Обряд «казнь мага» в мусульманский период трансформировался в обряд «Омарсузан» («сожжённый Омар»). В этом обряде шииты делали соломенного человечка, который служил образом халифа Омара. Во время исполнения обряда люди восхваляли Али и издевались над Омаром, который был первым халифом у суннитов. Шииты считали, что Омар не допускал правоверного Али, отца Хуссейна, к власти. Поэтому шииты не одобряли Омара. Али был двоюродным братом и одновременно зятем пророка Мухаммада. По мнению шиитов, пророк перед смертью назначил Али и его потомков своим преемником в деле руководства мусульманами. Поэтому для шиитов Али является первым имамом. Соломенную куклу в конце праздника сжигали. Этот обряд обычно совершается в годовщину смерти Омара. «Омарсузан» постепенно вышел из употребления во избежание усиления противоречий между суннитами и шиитами. Но обычай сожжения фигурки и игры с огнем и до сих пор сохраняется в Иране. Процесс изменения формы и содержания можно наблюдать и во многих других обрядах. На протяжении всей истории Ирана религиозное и историческое движение театра являлись параллельными процессами. После возникновения ислама почти все ранее существующие театрализованные обряды продолжали существовать, правда, в несколько трансформированном виде.
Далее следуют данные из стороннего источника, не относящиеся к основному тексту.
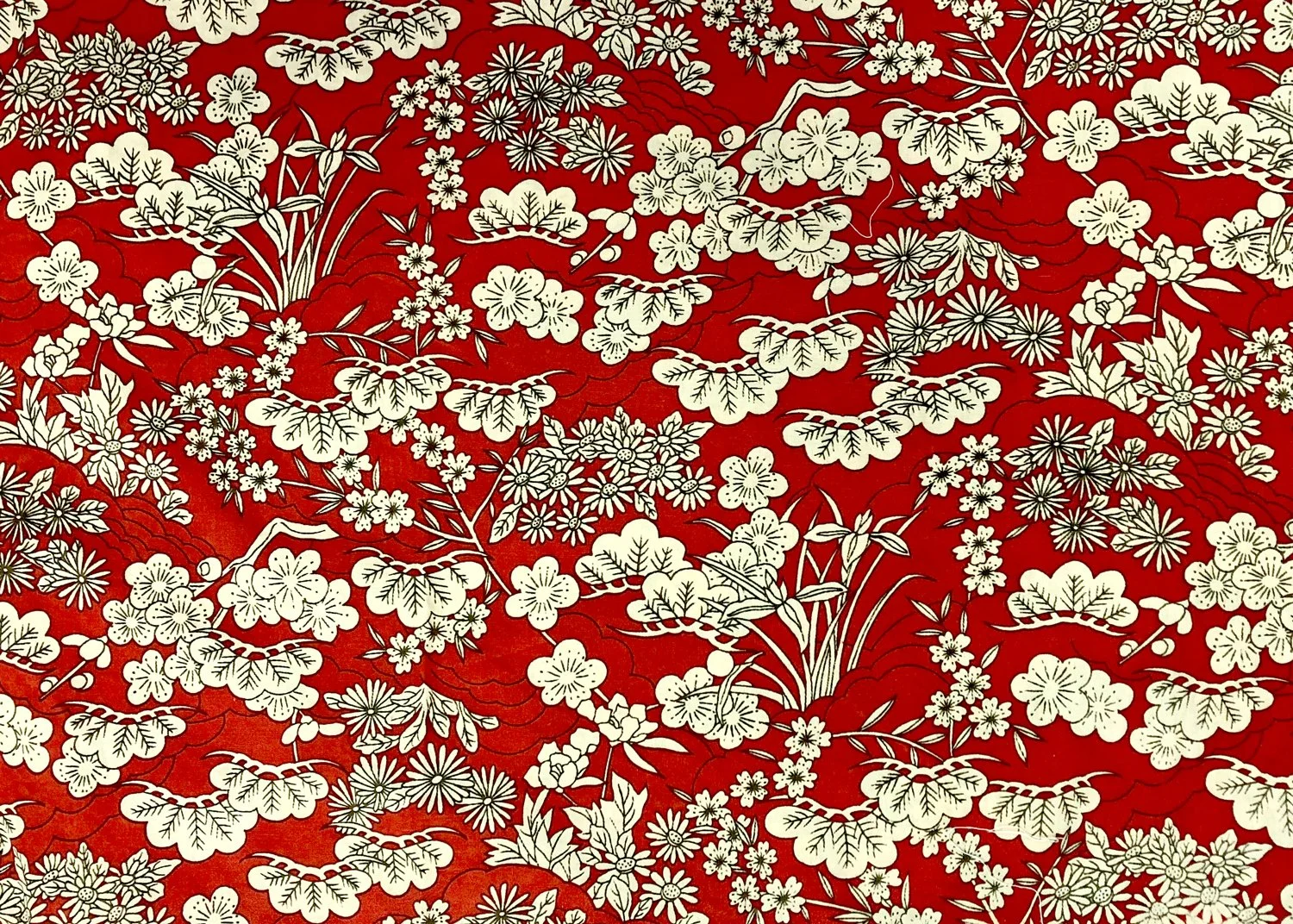 This pattern is a new creation—an adaptation of a classic design. It features a collection of auspicious flowers—pine, bamboo, plum, cherry blossom, chrysanthemum, peony, and iris—rendered delicately in outline. The result evokes the elegant patterns once seen on the garments of court ladies during the Edo period.

Теперь давайте вкратце расскажем об эволюции и постепенной секуляризации тазийе. Сначала тазийе представляло собой торжественное траурное шествие в сопровождении музыки. Участники били себя руками по голове и по груди, а в руках у них были зеленые и черные флаги (цвета семейства Хусейна). Иногда они пели хором причитания. На втором этапе к певцам прибавляются несколько рассказчиков (наккал), которые повествуют о печальных событиях в Кербеле в сопровождении траурной музыки. Постепенно увеличивалось количества визуальных знаков, например, флагов и разноцветных тканей. На третьем этапе происходит небывалое для исламской культуры событие – появление персонажей-прототипов погибших в Кербеле, которые постепенно начинают вступать в диалоги, таких актеров называли «шабих» («похожие»)3. С этого момента, а именно в период правления Сефевидов (1502-1736 гг.), тазийе приняла свою современную форму. В этот период шиизм стал в Иране официальным. Главное шиитское действо тазийе становится особенно популярным, а также проходит первый этап секуляризации. В это время актеры тазийе начинают выделяться как профессионалы своего дела, но не постоянно, а на период месяца скорби. Роли распределяются между жителями деревни, и часто закрепляются за той или иной фамилией, т.е. на протяжении нескольких поколений в семье передаются навыки исполнительского искусства, всяческие хитрости и приемы, заучивается текст. В месяц Мохаррам культура погружается в эту мистерию, ею живут. Так, иранцы с детства вживаются в мир мистерии, в горестное событие, определившее особенности культуры всего народа.

В период правления династии Каджаров в Иране (1795-1925 гг.) представления таазией достигли своей кульминации и по содержанию, и по качеству, и по внешнему оформлению церемонии. В этот период в Иран стали прибывать иностранцы, которые писали множество путевых заметок или отчетов о поездках, в которых нередко описывались и наблюдаемые повсеместно мистерии тазийе. Западный мир тогда только начинал приоткрывать завесу тайны персидской души: европейцы были очарованы миром восточной сказки, великих и сладострастных поэтов, пряностей и лихих разбойников. Когда же они начинали вплотную знакомиться с Ираном, их поразили те контрасты, которыми живет культура. Многие были неприятно поражены, другие же окончательно влюблялись в этот удивительный мир. Нам бы хотелось проиллюстрировать реакцию европейца, который впервые взглянул на культуру Ирана изнутри. Какой же предстала перед ним мистерия тазийе?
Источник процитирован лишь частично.